The use of MTX as an alternative maintenance agent with possibly less toxicity and equal or perhaps greater efficacy than AZA was examined in the WEGENT trial. In the WEGENT trial, AAV patients in remission were randomized to either AZA or MTX and a tapering oral steroid course [29]. The rate of AEs causing death or study withdrawal was the same between the two groups, indicating MTX was similar in toxicity with AZA. Relapse rates were also similar confirming MTX as a viable alternative to AZA. In the follow-up study, 10-year overall survival rates, total number of relapses, relapse rates and AEs did not differ significantly [30].

Other immunosuppressive agents, including MMF and leflunomide, have also been studied. The IMPROVE (International MMF Protocol to Reduce Outbreaks of Vasculitides) trial compared the efficacy of MMF versus AZA for maintenance of remission in AAV patients in whom remission had been induced with corticosteroids and CYC, with or without methylprednisolone pulses and PLEX. MMF was significantly less effective at preventing relapses when compared to AZA after a median follow-up of 39 months [31]. In a RCT comparing leflunomide and MTX, leflunomide was found to be more effective than MTX in preventing major relapses but was associated with more AEs [32].

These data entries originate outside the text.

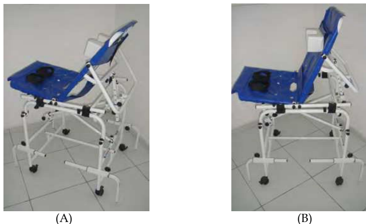
Fig. 6. Youth bath chair: (A and B) Removable base with height adjustment and belt and headrest system.

Other bath chair models (Figures 7 and 8) are designed to serve severe motor impairment users also have similar aspects, differentiating in some structural features, design and accessories. They are products whose tubular structure is often made of aluminum and the seat and back set consists of a polyurethane shell form-fitting, with or without holes, whose function is let the water flow during bath or shower.
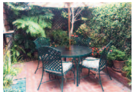
The shaded, private patio surrounded by various trees

What a beautiful, peaceful cottage. What nice people. What a little slice of Europe just steps away.... Well done, Mark and Jane!
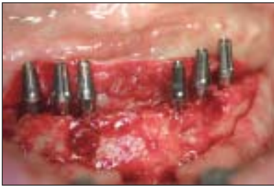
Fig 1 Implant placement and abutment connection for immediate loading.
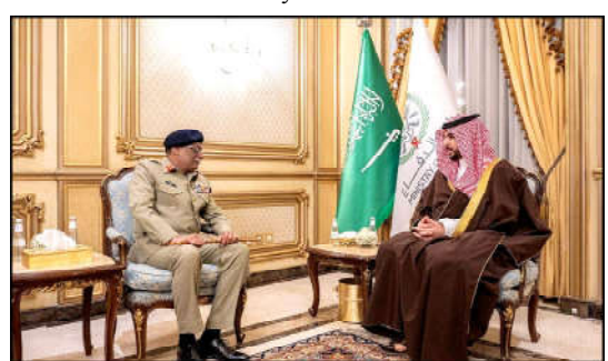
RAWALPINDI: Chairman Joint Chiefs of Staff Committee (Chairman CJCS) General Sahir Shamshad Mirza, called on Prince Khalid Bin Salman Bin Abdulaziz Al-Saud during his official visit to KSA.

RAWALPINDI (INP): Chairman Joint Chiefs of Staff Committee (CJCS) General Sahir Shamshad Mirza called on Saudi Defence Minister Prince Khalid Bin Salman Bin Abdulaziz Al-Saud, Inter Service Public Relations (ISPR) said on Tuesday. According to the military's media wing, strategic, security issues and opportunities to enhance defence cooperation between the two brotherly countries came under the discussion during the meeting. The meeting of Gen Sahir Shamshad Mirza with the Saudi Defence Minister was held during his official visit to the Kingdom of Saudi Arabia in connection with the Second World Defence Show. The CJCS also visited stalls of different organisations from Pakistan and inaugurated Al-Fatah-II Missile stall at the event.
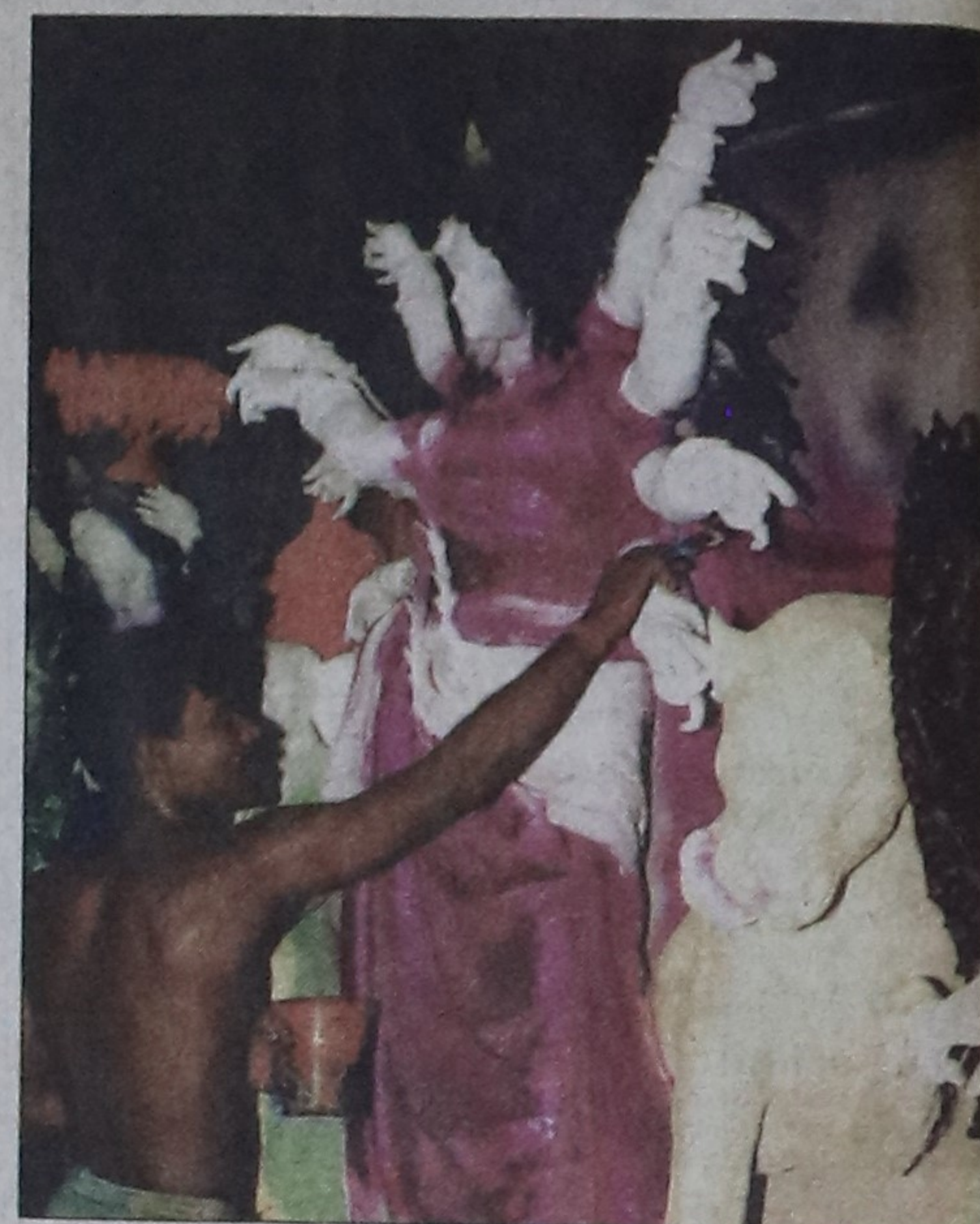
An artist putting final touch on the idol of Durga at Sankhar Bazar in old part of the city yesterday. Durga Puja, the biggest religious festival of Hindus begins on October 3.

Besides, the association will organise teachers' rallies at divisional headquarters by January 30.
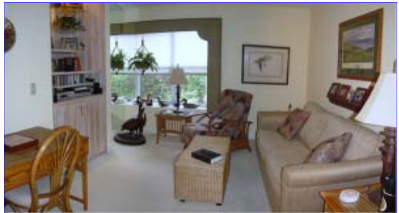
Den or 3rd Bedroom
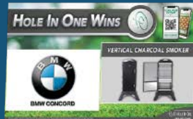
Charcoal Smoker Bonus Prize
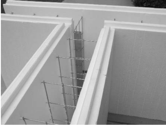
BUTT FORMS TOGETHER
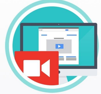
Content Builder Tool INR 4,335/-
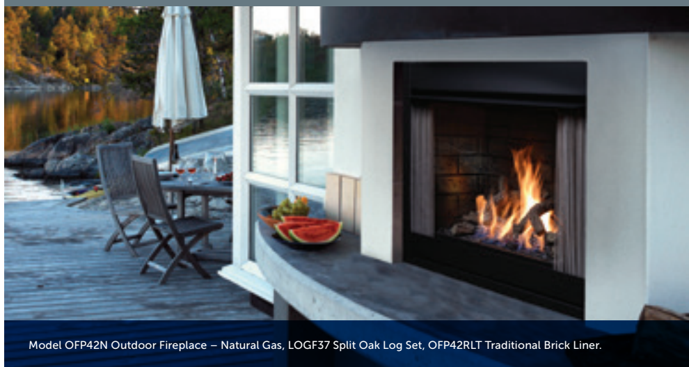
Model OFP42N Outdoor Fireplace – Natural Gas, LOGF37 Split Oak Log Set, OFP42RLT Traditional Brick Liner.

Two fireplace choices and no venting required.
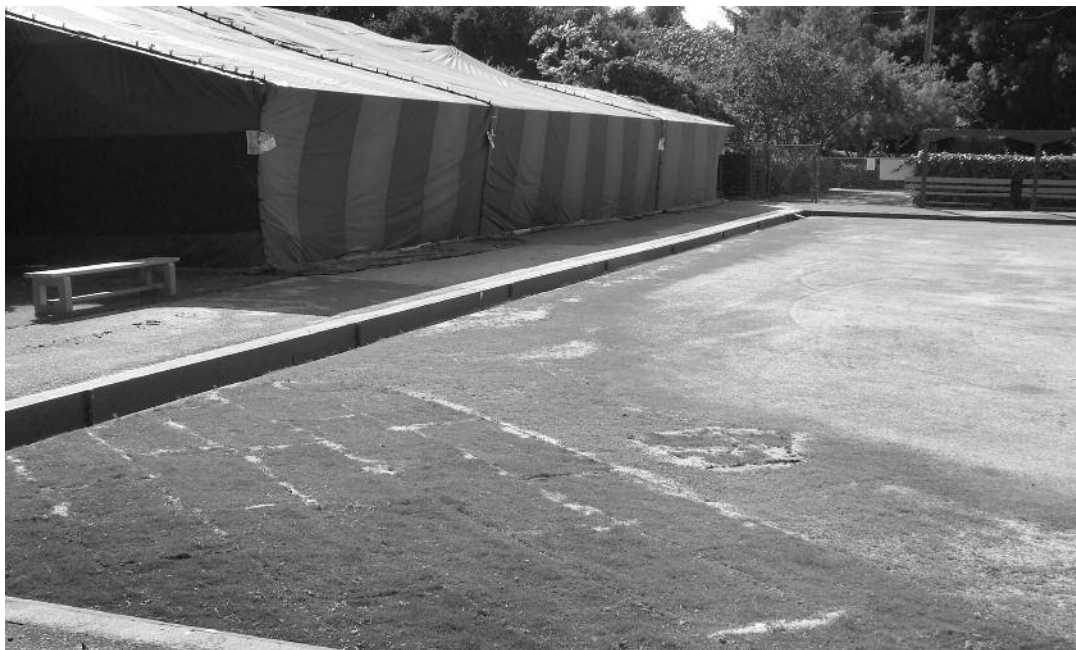
Work is progressing on the clubhouse and the green. Here is the clubhouse festively wrapped while we were bowling at the Friendship Tournament in Santa Clara. The green has been plugged, sanded and sodded in preparation for leveling. We'll have to learn the quirks of the various rinks all over again.
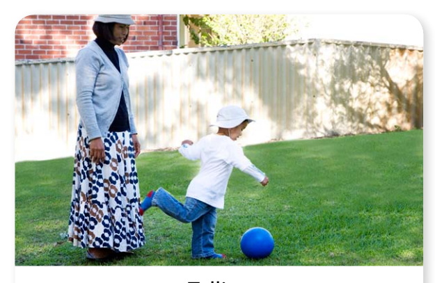
Telling Say, "Leg back, kick"
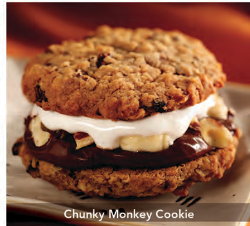
Chunky Monkey Cookie
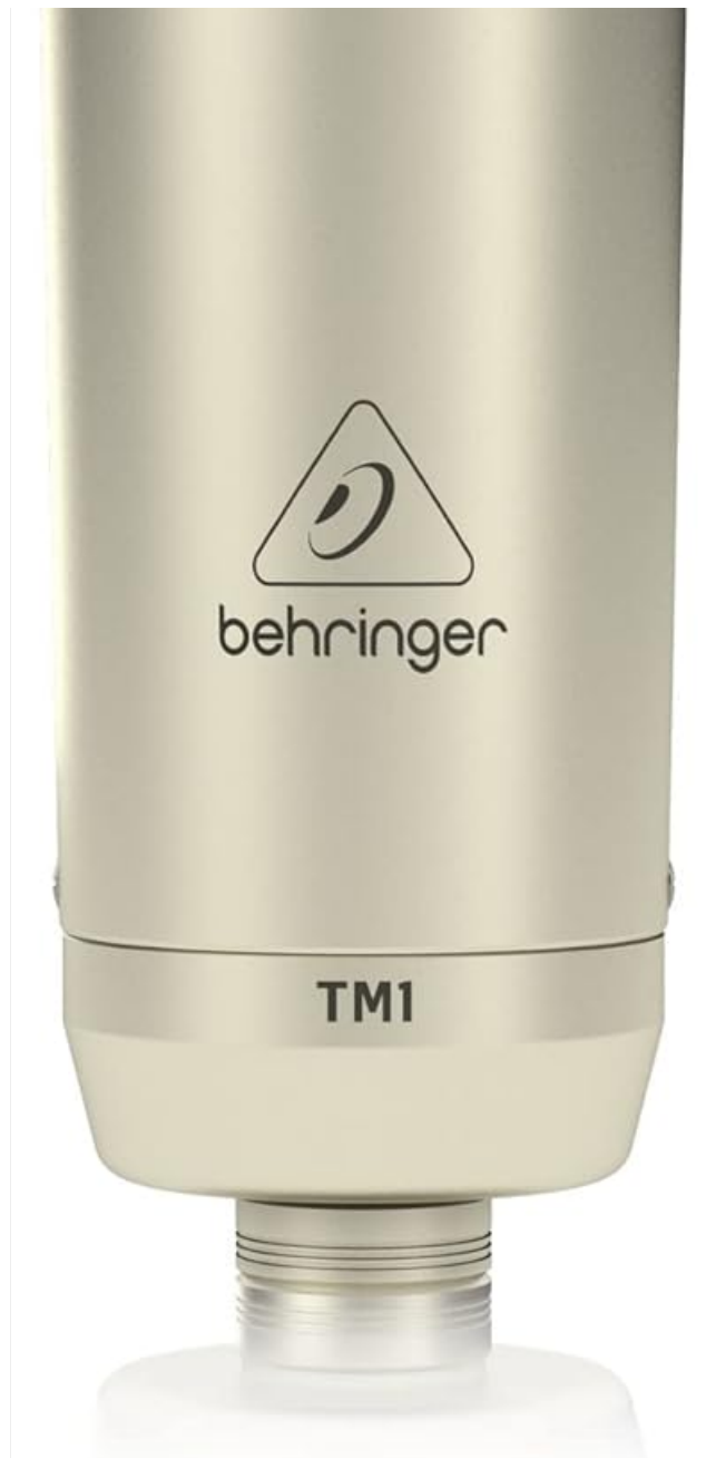
Image: The Behringer TM1 condenser microphone, a key component of the recording package.
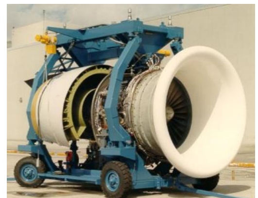
Big Bird loaded with Jet Engine
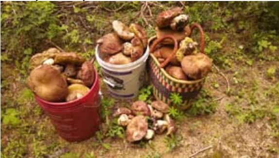
All of these splendid boletes in one square mile!
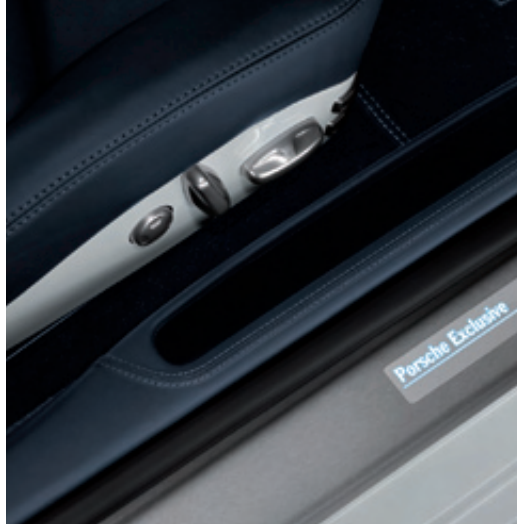
Inner door sill guards in leather
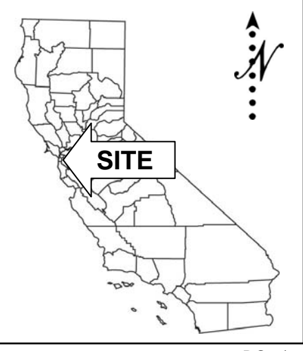
Exhibit A PRC 6759 BAE SYSTEMS SAN FRANCISCO COUNTY
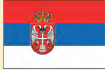
Republic of Serbia
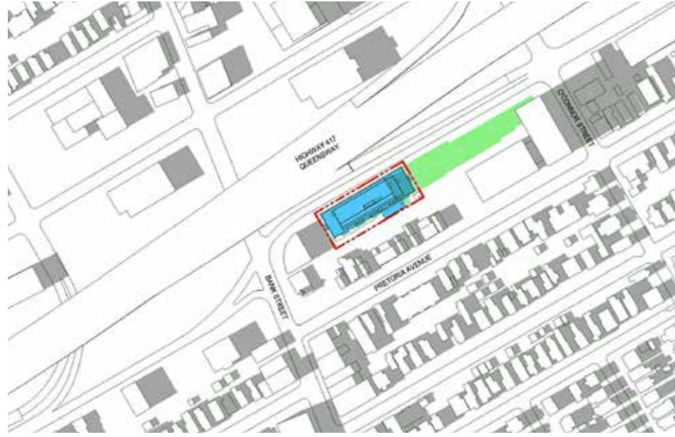
September 21 - 16:18
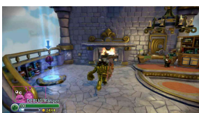
Skylanders Trap Team – Fireplace Variant and Atmospheric Effects

The MAINRITSAN (Maintenance of Remission using Rituximab in Systemic ANCA-Associated Vasculitis) trial is the first RCT to evaluate RTX for maintenance therapy. After achieving remission, patients were randomly assigned to receive either RTX at 0 and 2 weeks following randomization then every 6 months until 18 months or AZA until 22 months. Both groups were treated with corticosteroids for at least 18 months. There were significantly fewer major relapses at 28 months in the RTX group compared with the AZA group (5% versus 29%) [33]. In the long-term study, RTX remained superior to AZA up to 60 months, with greater rates of relapse-free and overall survival [34]. The MAINRITSAN2 compared an individually tailored RTX regimen with fixed-schedule regimen [35]. Patients in the tailored-infusion arm received RTX at randomization and received repeat infusions based on lymphocyte counts and ANCA titers until 18 months. The fix-scheduled arm received the same regimen from the original MAINRITSAN trial. There was no significant difference between the number of relapses but the tailored-infusion arm received fewer number of infusions overall.

The BREVAS (Belimumab in Remission of Vasculitis) is a recent RCT that evaluated the efficacy of belimumab, a monoclonal antibody against B lymphocyte stimulator, as an adjunctive therapy to a regimen of AZA with low-dose corticosteroids [36]. Overall, the addition of belimumab did not reduce relapses.

Eosinophilic granulomatosis with Polyangiitis (EGPA)

EGPA treatment recommendations are less robust due to the lack of RCTs. The treatment is often inferred from GPA/MPA trials, although EGPA patients were either excluded or present in small numbers in these studies.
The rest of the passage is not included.